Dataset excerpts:

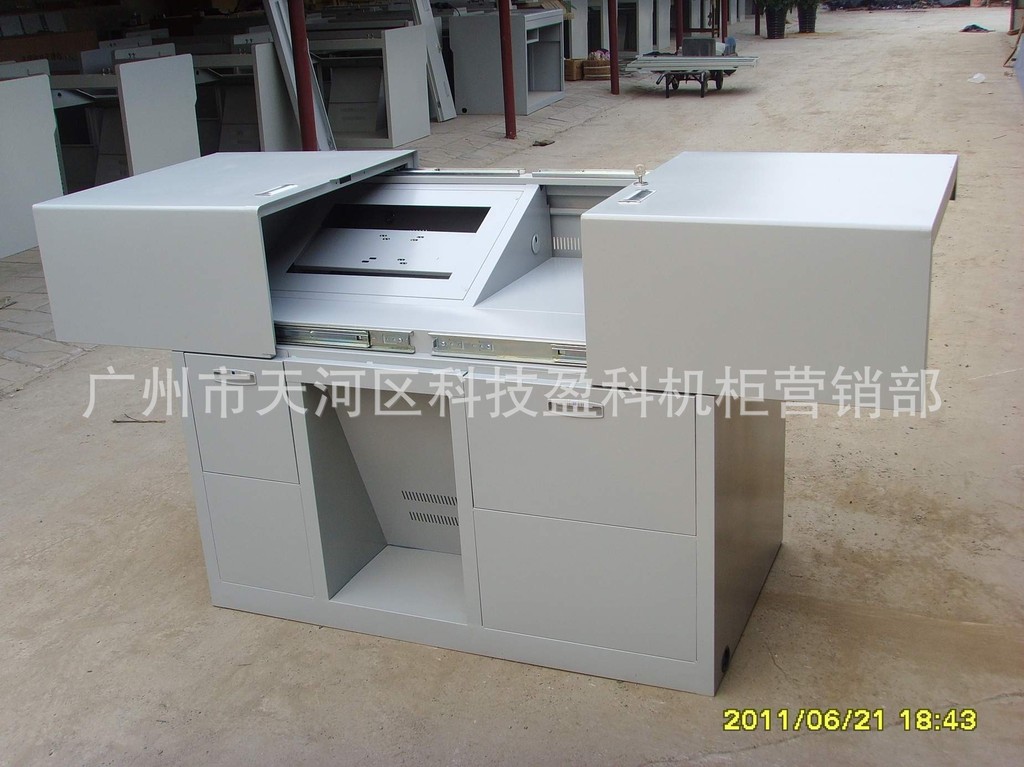 结 构: 组焊成型,操作方便,美观大方,四周装有防水密封胶条,可以更好的保护显示器,盖门更加人性化设计,采取左右推拉方式,解决了以往盖门沉重, 能自由往两边进行推拉,合上看起来非常美观,还起到防尘的作用,而打开后两边平台可以放教案、实验仪器和手提电脑等,能很好地满足现代教师的需求。
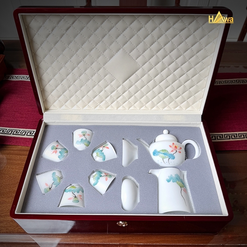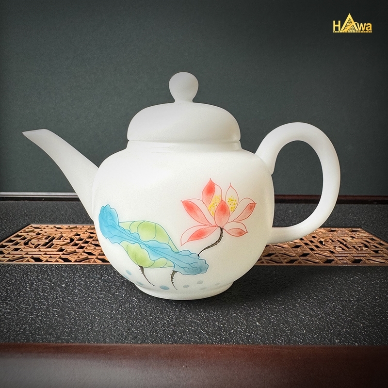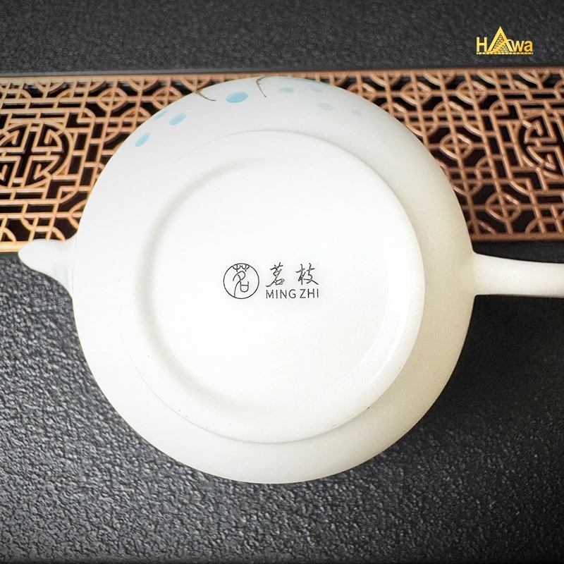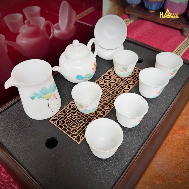 Bộ ấm chén sứ ngọc bích thấu quang cao cấp vẽ tay (SCC-SNB-VT)
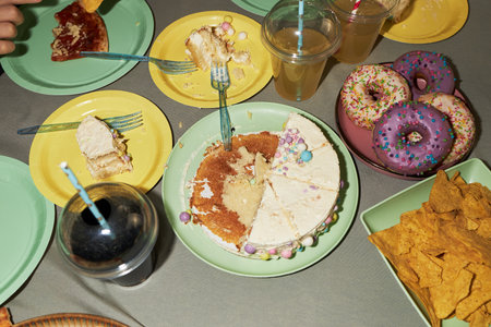 Overhead view showing partially eaten cake with colorful candies, donuts with sprinkles, tortilla chips, and drinks on table, visible hand of child reaching for dessert
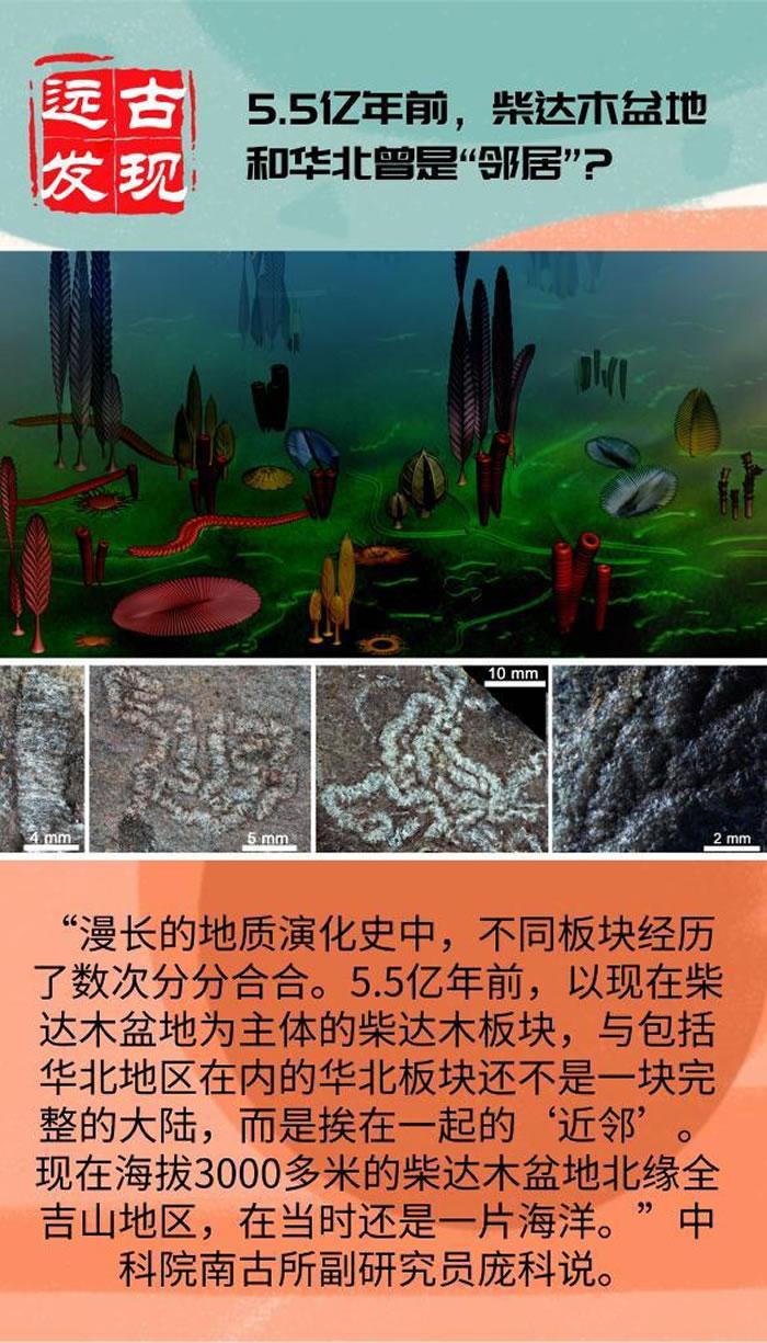 “漫长的地质演化史中,不同板块经历了数次分分合合。5.5亿年前,以现在柴达木盆地为主体的柴达木板块,与包括华北地区在内的华北板块还不是一块完整的大陆,而是挨在一起的‘近邻’。现在海拔3000多米的全吉山地区,在当时还是一片海洋。”庞科说。
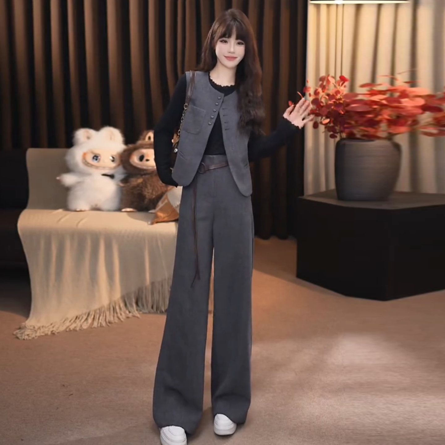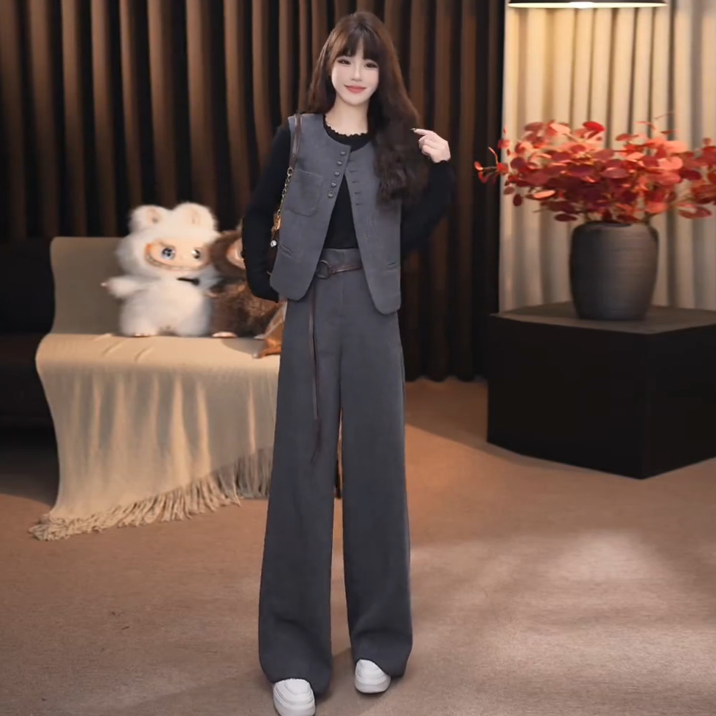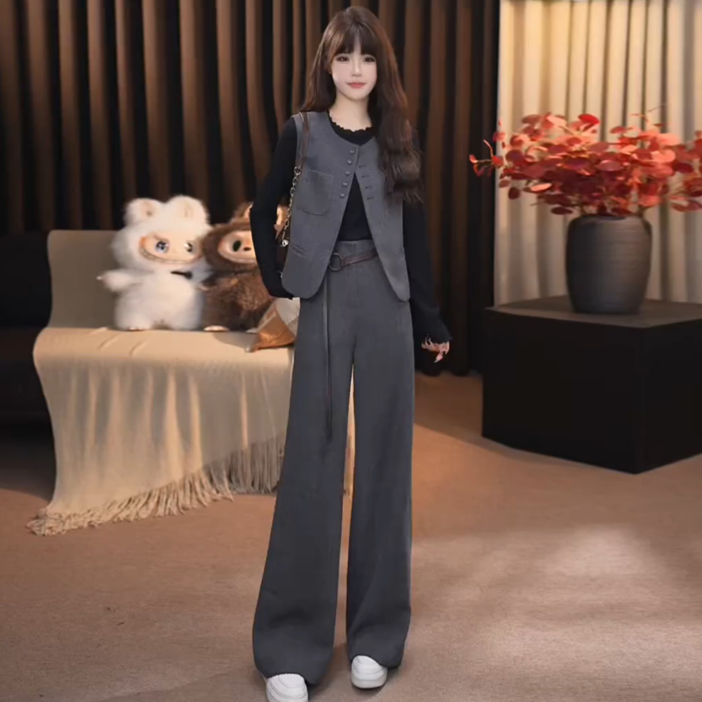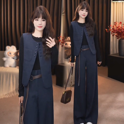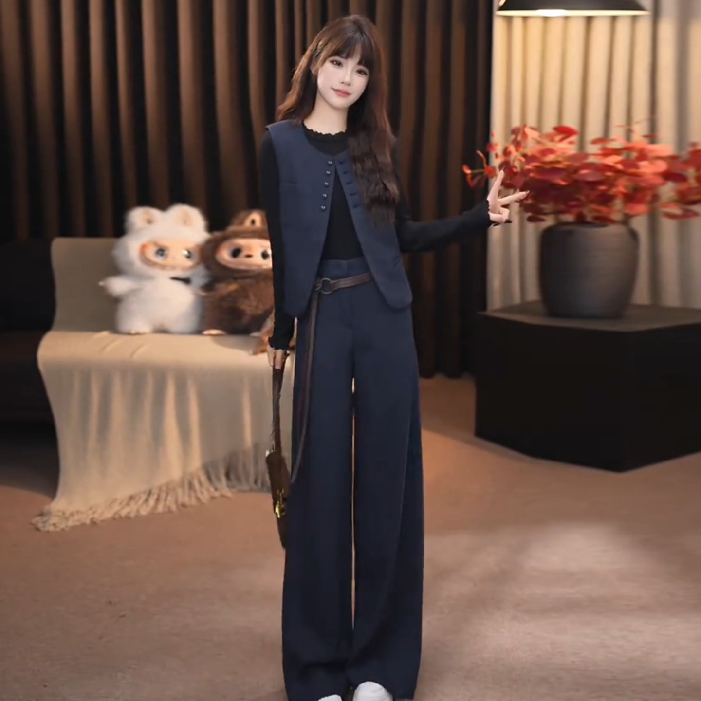 时尚套装女2025秋季新款洋气显瘦西装马甲长袖打底衫阔腿裤三件套
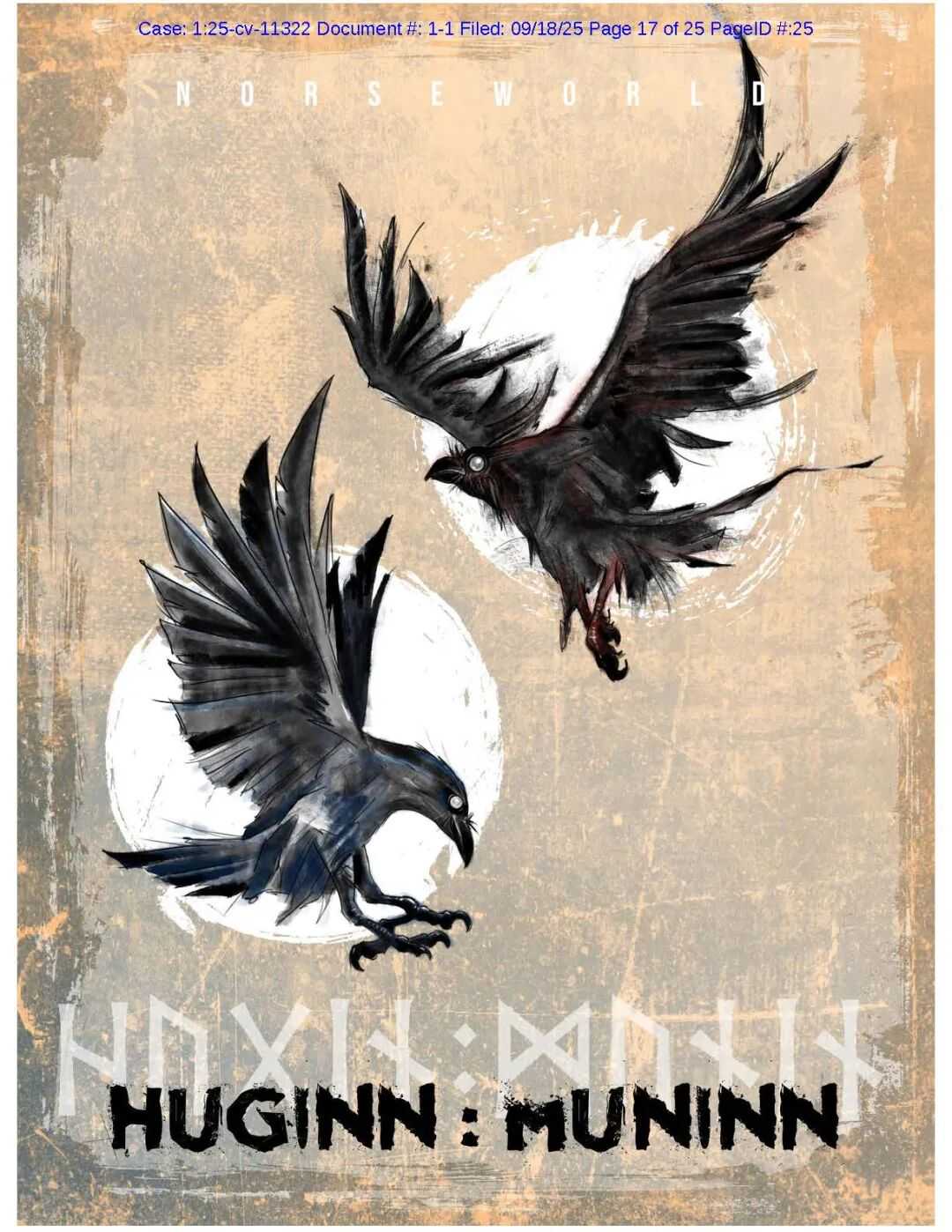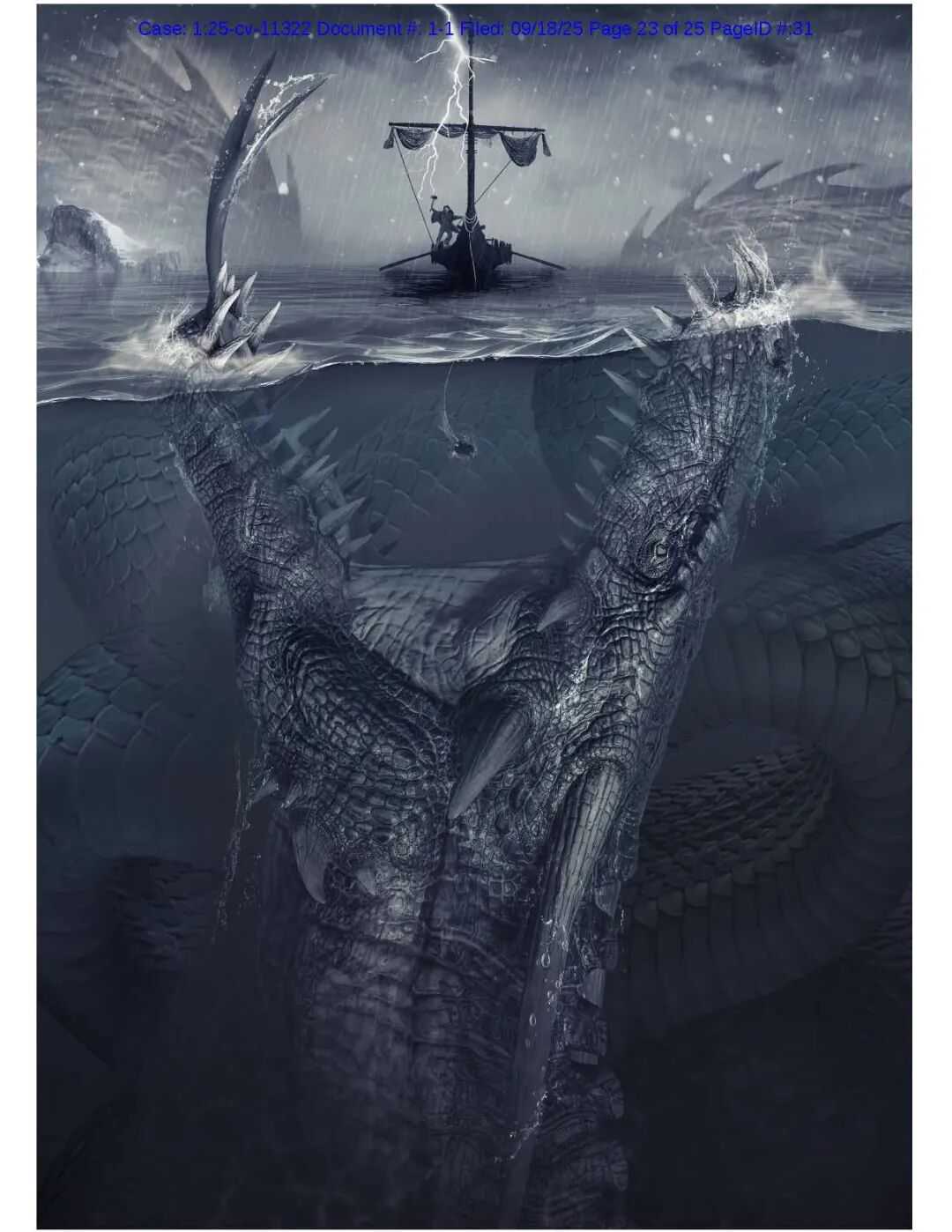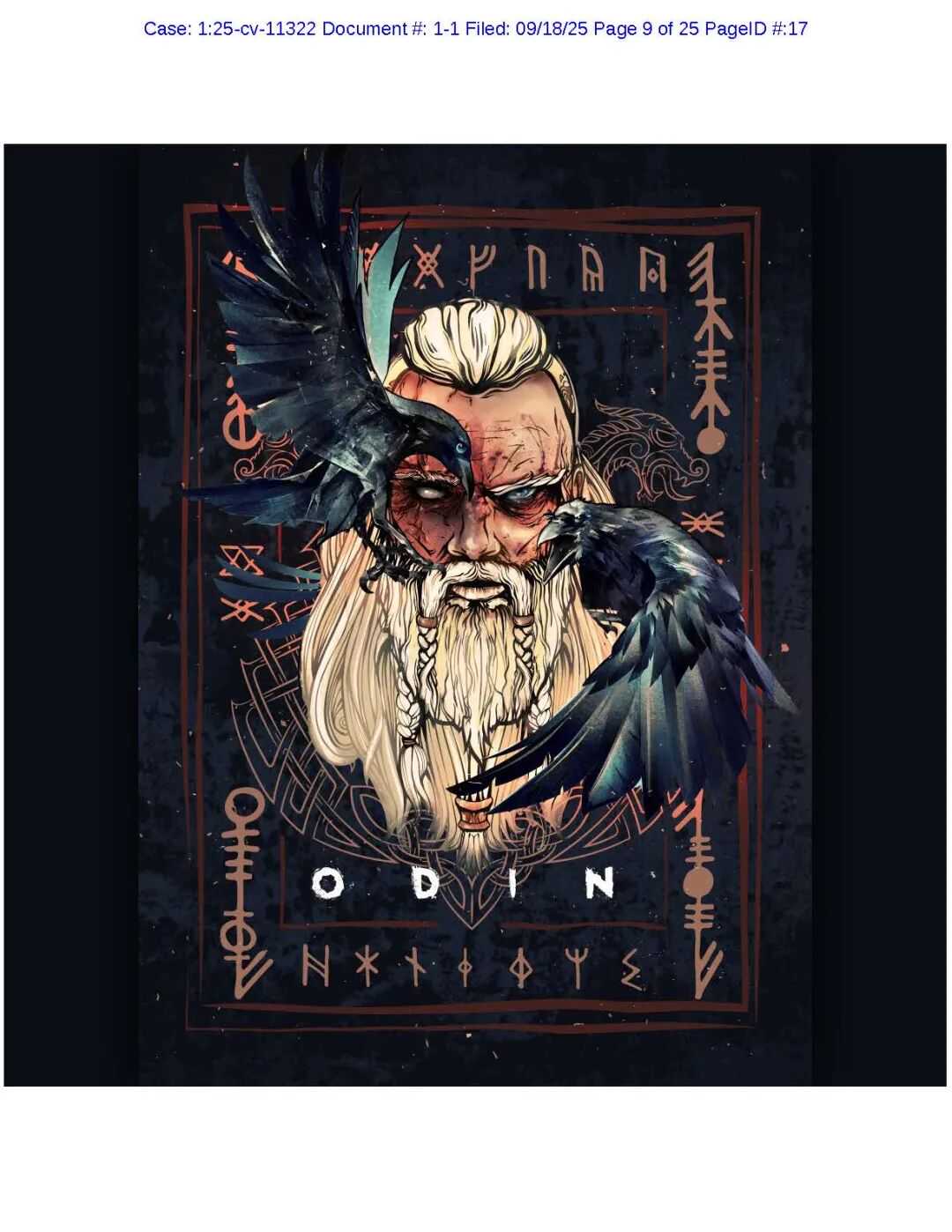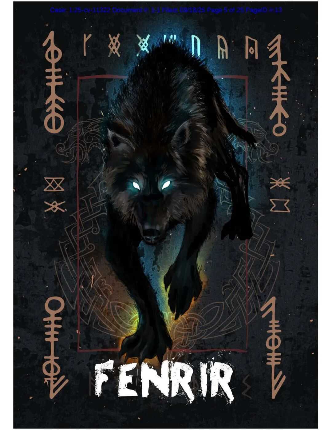 原告Theodora Ioana Magerand是罗马尼亚籍书籍封面插画师与概念艺术家,网名 “ikaruna”。她拥有地质学与古生物学背景,擅长将科学写实与奇幻想象结合,创作出兼具解剖学准确性与神秘氛围的北欧神话、科幻、恐怖题材数字插画。作品常见于 Displate、Etsy、Amazon 等平台的海报、墙旗、服饰、手机壳、拼图等衍生品,并长期为桌游、小说封面提供授权图稿。

## [Task to complete]
Would you output only the span of the records above that opens with the line containing "Overhead view showing" and closes with the line containing "时尚套装女2025秋季新款洋气显瘦西装马甲长袖打底衫阔腿裤三件套", ends included and pictures dropped?

## [Task output]
 Overhead view showing partially eaten cake with colorful candies, donuts with sprinkles, tortilla chips, and drinks on table, visible hand of child reaching for dessert
 “漫长的地质演化史中,不同板块经历了数次分分合合。5.5亿年前,以现在柴达木盆地为主体的柴达木板块,与包括华北地区在内的华北板块还不是一块完整的大陆,而是挨在一起的‘近邻’。现在海拔3000多米的全吉山地区,在当时还是一片海洋。”庞科说。
 时尚套装女2025秋季新款洋气显瘦西装马甲长袖打底衫阔腿裤三件套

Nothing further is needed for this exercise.